This is what I will remember about Dad’s final days, how strong and courageous he was, in dealing not just with his sickness, but all the slings and arrows of life. I only hope that in my own life I can lead by example and tackle life’s problems with such tenacity.
I know it will take me time to feel the different aspects of his death in ways I can’t yet because it’s so fresh. I know that I am him in so many ways, and that I will always feel and know in some sense his presence in all of the rest of my life. So when I get married, if that ever happens, I know he will be there. When I get my first real job, he’ll be proud of me. If I ever get into graduate school, he will be more proud of me than anyone else in the world. And I know no matter what i do my Dad is so proud of me because he always made sure he was my biggest fan and supporter- A support from him that only the Michigan Football team knows.

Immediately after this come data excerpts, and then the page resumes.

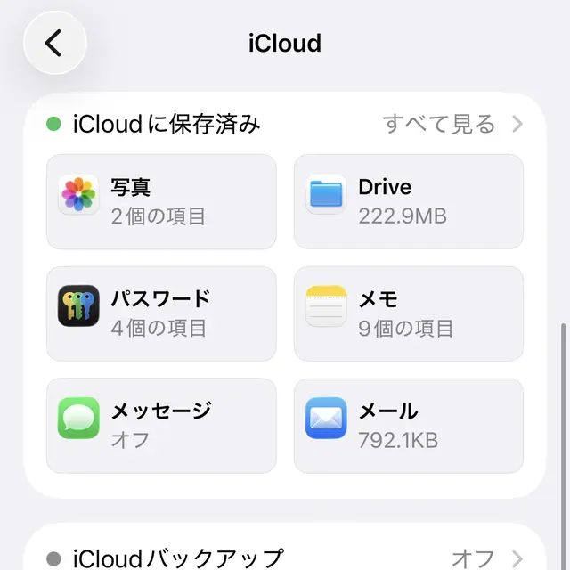 iCloudのiCloudに保存済み>すべて見るより対象の項目をオンに切り替えます(画像はオンの状態)。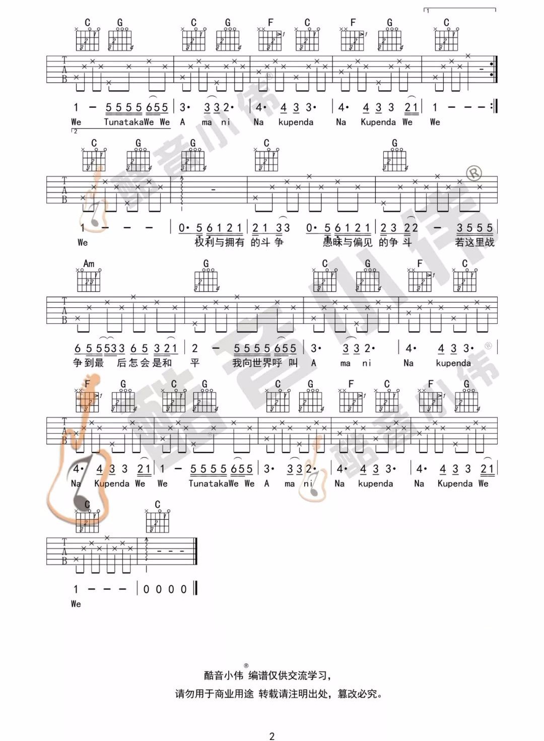 曲谱介绍: Beyond《Amani》吉他弹唱谱,采用C调指法编配,共有2张高清图谱,免翻页排版设计。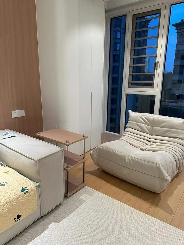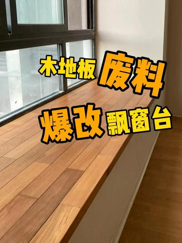 地板铺完剩下的碎料,不要扔!自己用锯子裁出45度斜角,把一块块拼接成飘窗台。只用木工胶粘合,简简单单一片,质感还不错。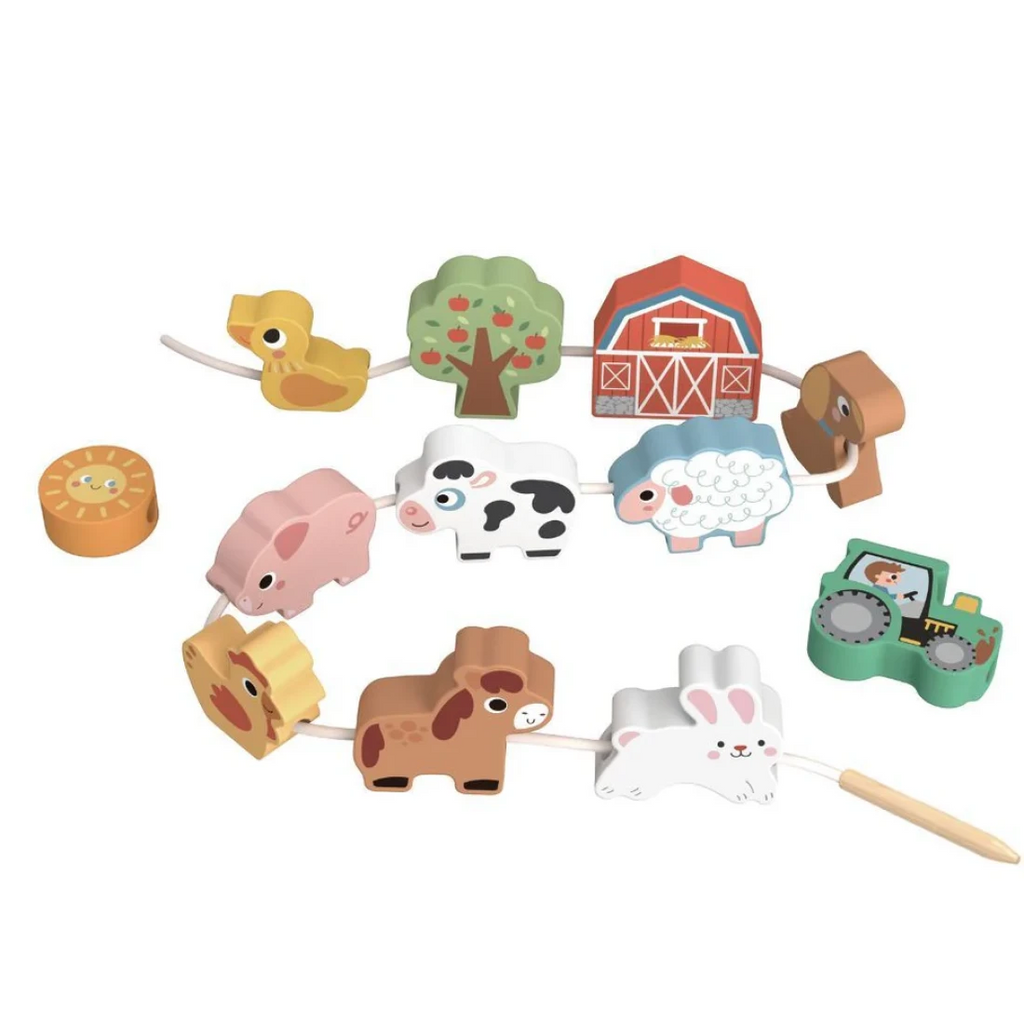 Vstúpte do sveta jemných farieb a spoznávania zvieratiek! Táto sada drevených zvieratiek na navliekanie ponúka 13 dielikov. Deti môžu navliekať, triediť tvary, pomenúvať zvieratká a zároveň trénovať jemnú motoriku a koncentráciu.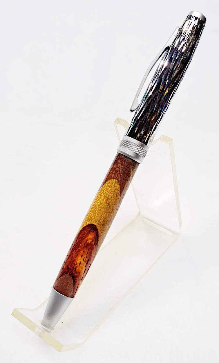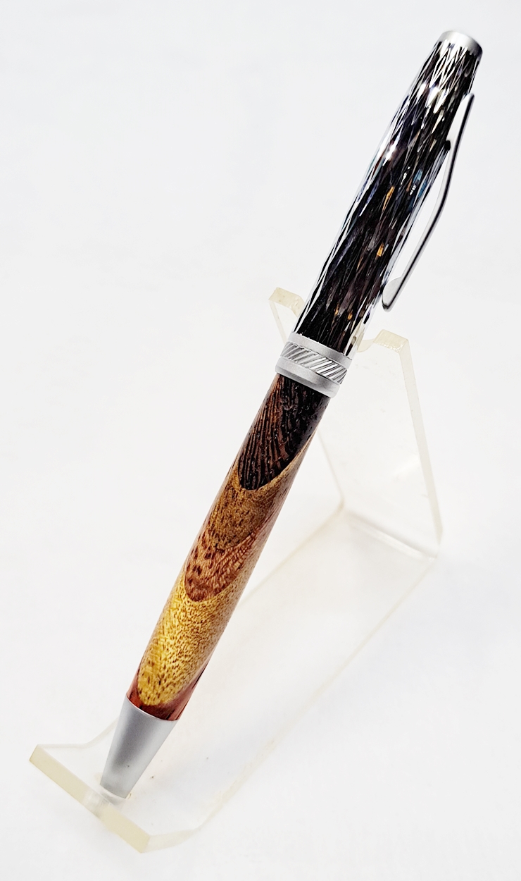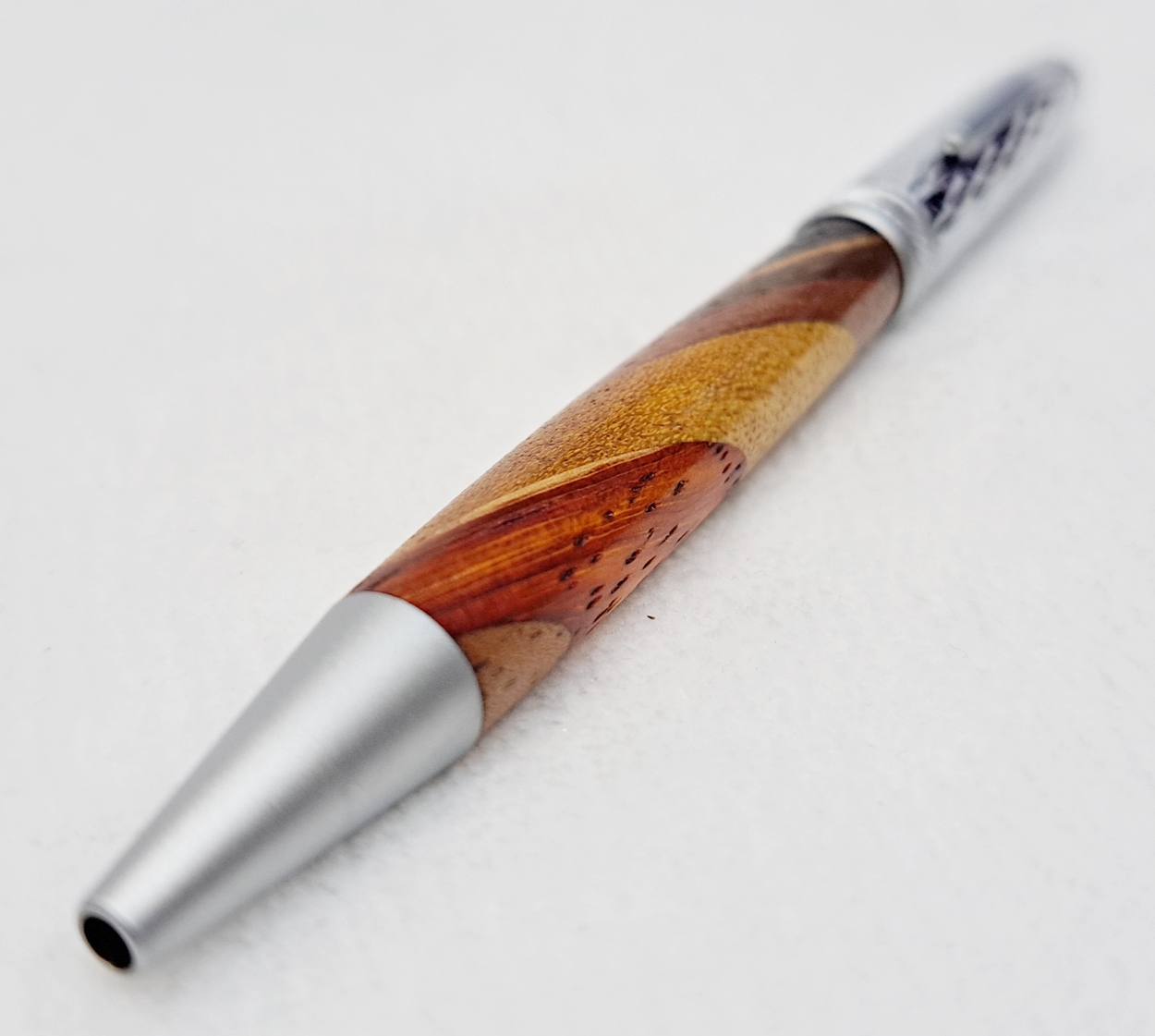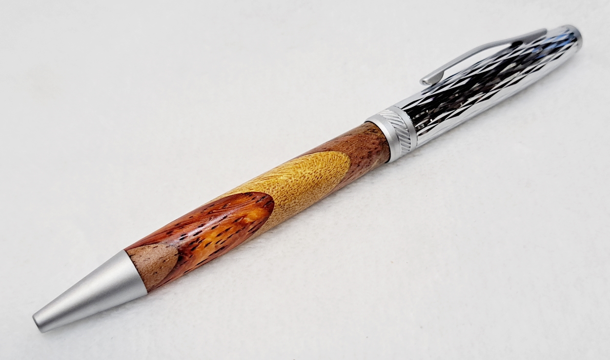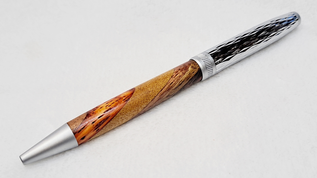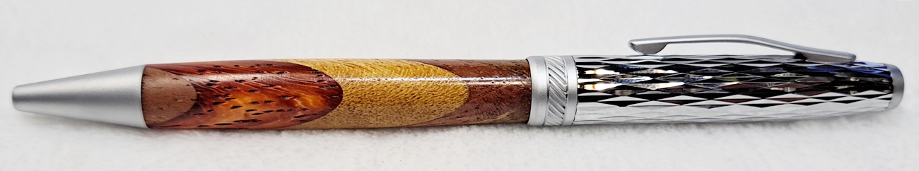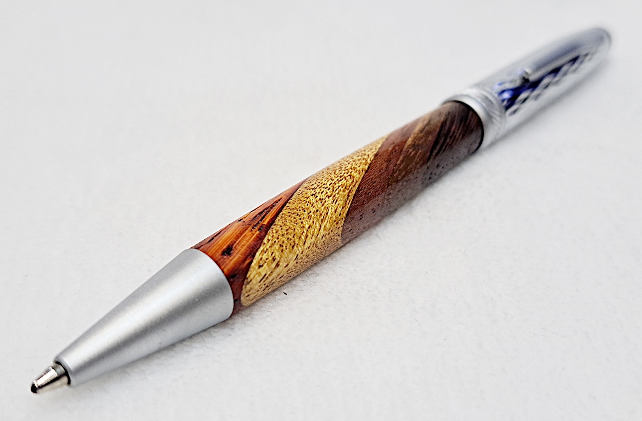 This is a Zigzag twist pen from Woodcraft, in chrome and satin chrome. The laminated blank is also from Woodcraft. The finish is Pens Plus and carnuba wax.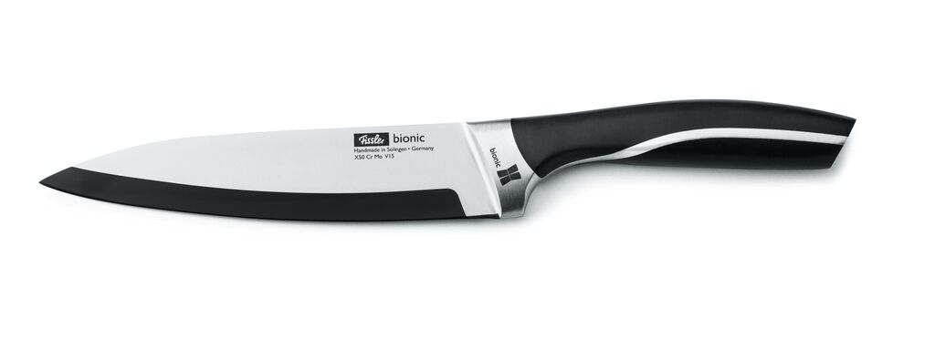 The Fissler bionic lies in the hand of the user in perfect balance. Its material and ergonomic qualities are superb. The curve of the elegant handle is particularly noticeable. By endowing the blade with innovative self-sharpening properties, this knife achieves a new form of durability. It has also been completely made by hand and so manages to combine tradition with the demands of the modern kitchen in a contemporary way.

I will miss him in the smaller, more mundane moments when I can’t call him up at 11 0’clock at night just to chat. Or ask him to go to a matinee with me, even if it is the latest chick flick, something he clearly had no interest in, but would go with me anyway. I know I can’t ask him to take me out to dinner anymore when I have a craving for china gate’s Kung Pao chicken, but even so, he would know it was never really about the Kung Pao chicken, i just wanted to have dinner with my dad. And when I visit Ann Arbor, I know I can’t have him with me anymore. He’ll have to be with me in other ways. Dad always made sure to let me know that he loved me by saying “Have I told you lately that I love you?” I would roll my eyes and say “Yes, dad, you told me yesterday and he would say “Well, I love you, I want you to always know that.” And I always did, and always will.